In a world where we expect to have to choose between work and family, Sandberg wants to introduce "and" into a conversation that has mainly been about the "either/or," writes Gayle Tzemach Lemmon in The Atlantic.
For her efforts, Sandberg has been criticized by other women, from Maureen Dowd to Anne-Marie Slaughter, who characterize Sandberg as "looking down" on women who don't have the success she does and offering them a sort of "pull yourself up by the bootstraps" ethic. But Sandberg is fully aware of her privileges, and it seems a little hypocritical for readers to pretend they would be interested in advice from someone without Sandberg's success.
Sandberg focuses on women because she argues that we tend to limit ourselves, rather than enforcing limits on our environment. She encourages women to take on more responsibilities at work while making the demands necessary to make their lives balance.
"In addition to the external barriers erected by society, women are hindered by barriers that exist within ourselves. We hold ourselves back in ways both big and small, by lacking self-confidence, by not raising our hands, and by pulling back when we should be leaning in," Sandberg wrote. This sounds critical, but to me it reads as empowering. Sandberg is urging readers who say "no" to try "yes, but with conditions."
I've been stuck in a workplace where I did plenty of "leaning in," but the culture and other employees did not make it easy to set boundaries or make demands. While Sandberg mainly addresses working moms, those of us without husbands or without kids value commitments to our communities, friends, and churches, and we don't want to sacrifice our lives to work, either.
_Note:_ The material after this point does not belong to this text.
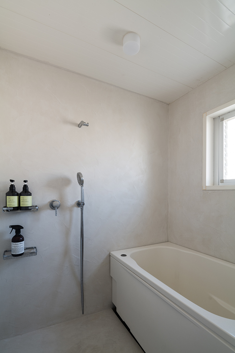 お風呂は前居住者が、いわゆるハーフユニットバス(壁天井、浴槽のみユニットバス)に改修していたが、浴槽と壁を取り払い、床壁共にモールテックスの塗装で仕上げ、設備機器類を一新した。

Sandberg's advice is not exactly revolutionary: Find a mentor; learn negotiation strategies; understand the relative value your field sets on certain skills; be persistent in making requests; know what makes for a reasonable demand and make it. She also suggests women join a "Lean In circle," a small group of professional women, linked to a "global community," that's supposed to meet throughout the year. She advocates that women discuss their careers with each other, because knowing there is precedent when you want to make certain demands can make all the difference.